Supplied records
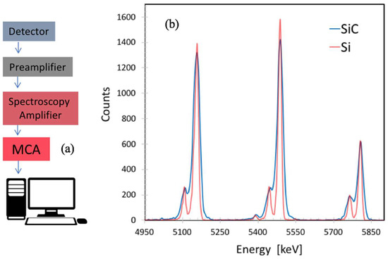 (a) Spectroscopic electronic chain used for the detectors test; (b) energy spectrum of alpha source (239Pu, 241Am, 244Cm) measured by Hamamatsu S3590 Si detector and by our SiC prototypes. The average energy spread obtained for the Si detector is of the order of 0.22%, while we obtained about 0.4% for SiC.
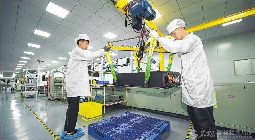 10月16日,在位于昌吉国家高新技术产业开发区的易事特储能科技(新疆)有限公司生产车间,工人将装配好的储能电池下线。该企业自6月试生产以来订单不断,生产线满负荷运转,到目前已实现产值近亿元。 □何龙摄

--

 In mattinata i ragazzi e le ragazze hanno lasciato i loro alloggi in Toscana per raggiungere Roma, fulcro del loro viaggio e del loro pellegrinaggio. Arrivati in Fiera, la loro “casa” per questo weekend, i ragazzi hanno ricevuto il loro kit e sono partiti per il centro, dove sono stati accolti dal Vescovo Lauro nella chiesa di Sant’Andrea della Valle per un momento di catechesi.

Work instructions
Excerpt from the records above: set down only the lines from the one that contains "(a) Spectroscopic electronic" through the one that contains "10月16日,在位于昌吉国家", inclusive, word for word. Pictures stay out.

Response below
 (a) Spectroscopic electronic chain used for the detectors test; (b) energy spectrum of alpha source (239Pu, 241Am, 244Cm) measured by Hamamatsu S3590 Si detector and by our SiC prototypes. The average energy spread obtained for the Si detector is of the order of 0.22%, while we obtained about 0.4% for SiC.
 10月16日,在位于昌吉国家高新技术产业开发区的易事特储能科技(新疆)有限公司生产车间,工人将装配好的储能电池下线。该企业自6月试生产以来订单不断,生产线满负荷运转,到目前已实现产值近亿元。 □何龙摄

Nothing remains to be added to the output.